The most surprising thing about Locust baseline tests is how often they’re run incorrectly, leading to benchmarks that are not just useless, but actively misleading.

Let’s see Locust in action with a simple web service. Imagine a tiny Python Flask app that just returns "Hello, World!".

from flask import Flask
import time

app = Flask(__name__)

@app.route("/")
def hello():
    time.sleep(0.01) # Simulate some work
    return "Hello, World!"

if __name__ == "__main__":
    app.run(host="0.0.0.0", port=5000)

Now, we want to test how many requests per second this can handle. Here’s a basic Locust file:

from locust import HttpUser, task, between

class HelloWorldUser(HttpUser):
    wait_time = between(0.1, 0.5) # Users wait between 100ms and 500ms between tasks

    @task
    def hello_world(self):
        self.client.get("/")

To run this, we’d typically start the Flask app and then run Locust from the command line:

locust -f locustfile.py --host=http://localhost:5000

This starts a web UI (usually at http://localhost:8089).
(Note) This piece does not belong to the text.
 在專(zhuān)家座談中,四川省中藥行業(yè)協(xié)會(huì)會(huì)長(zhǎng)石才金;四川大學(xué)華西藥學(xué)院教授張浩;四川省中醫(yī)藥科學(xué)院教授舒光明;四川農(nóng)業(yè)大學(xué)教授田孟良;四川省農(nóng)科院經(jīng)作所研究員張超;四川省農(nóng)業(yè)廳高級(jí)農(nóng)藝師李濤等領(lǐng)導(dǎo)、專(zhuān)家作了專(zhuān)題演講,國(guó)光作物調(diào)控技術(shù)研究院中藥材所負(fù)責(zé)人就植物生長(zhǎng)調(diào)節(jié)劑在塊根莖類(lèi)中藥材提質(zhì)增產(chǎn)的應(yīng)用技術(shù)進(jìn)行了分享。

You’d enter the number of users and the spawn rate, and hit "Start swarming."

Here’s what’s happening under the hood, and the mental model you need:

Users: Locust simulates concurrent users. Each "user" in Locust is an independent process or thread (depending on configuration). These users execute the tasks defined in your Locustfile.
Tasks: These are the actions your users perform. In our example, it’s self.client.get("/"). Locust randomly picks tasks if you have multiple defined and doesn’t guarantee any order.
wait_time: This is crucial. It defines the think time between a user completing one task and starting the next. It’s not about how fast the server responds, but how frequently a user would initiate a new request. between(0.1, 0.5) means each simulated user waits between 100ms and 500ms before making its next request.
HttpUser.client: This is an instance of HttpSession that handles making HTTP requests. It automatically handles cookies, retries (if configured), and crucially, it reports statistics back to Locust.
Statistics: The Locust UI shows RPS (requests per second), response times, and failure rates. These are aggregated across all simulated users.
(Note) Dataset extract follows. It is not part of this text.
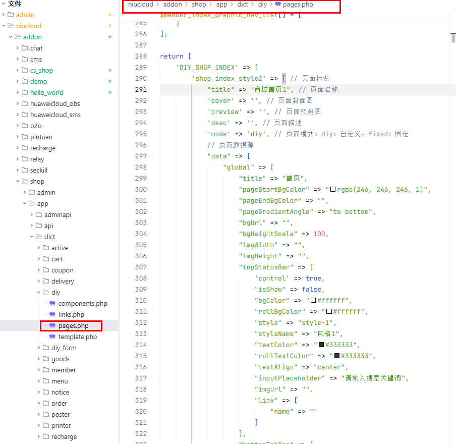 文件位置:niucloud/addon/shop/app/dict/diy/pages.php

The goal of a baseline test is to establish a "normal" performance level under controlled conditions. You’re not trying to break the system yet; you’re trying to understand its current capabilities. This involves:

Realistic User Behavior: The wait_time should mimic how real users interact with your application. If your users are very active, wait_time should be low. If they’re more passive, it should be higher.
Sufficient Load: You need enough simulated users to saturate your system or at least push it to a point where performance degrades. This means experimenting with the number of users.
Controlled Environment: Run tests on hardware and network conditions that are representative of your production environment. Avoid running other heavy processes on the test machine.
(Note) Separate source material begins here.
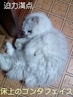 夜になると縁側でなく、台所の床で寝転ぶゴンタフェイス。人様の通るコースにデーンと陣取り、踏みつけるならコーイという挑発的行為をとります。 間違って踏みつける・・・この存在感が見えないことは絶対にないです。 動かざることゴンタフェイス。 昼だろうと夜だろうと、常に変化なし(~_~)
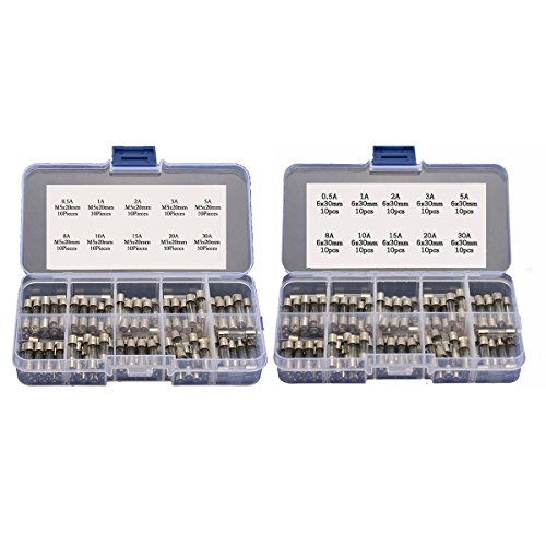 200個(100個 5x20mm 100個 6x30mm)ガラス管 ヒューズ

When you run the test, Locust will continuously send requests. The RPS you see in the UI is the aggregate RPS across all users. If you have 100 users, and each user makes a request every second (a wait_time of between(0,0)), you’d expect to see around 100 RPS if the server can keep up. If the server can’t keep up, the RPS will be lower, and response times will increase.

The most common mistake is setting wait_time to zero or a very small value and expecting the RPS to represent the absolute maximum throughput the server can handle. This isn’t a "user" test; it’s a raw connection flood. The wait_time is the user’s pace, not the server’s. If you set wait_time = between(0.01, 0.01), each user will try to hit the server every 10ms, and if you have 100 users, that’s an attempted load of 10,000 RPS, which will likely overwhelm even a robust server and give you misleadingly low RPS and high error rates.

Once you have a stable baseline, the next step is to understand how your system behaves under stress, which often involves gradually increasing the load or introducing specific failure scenarios.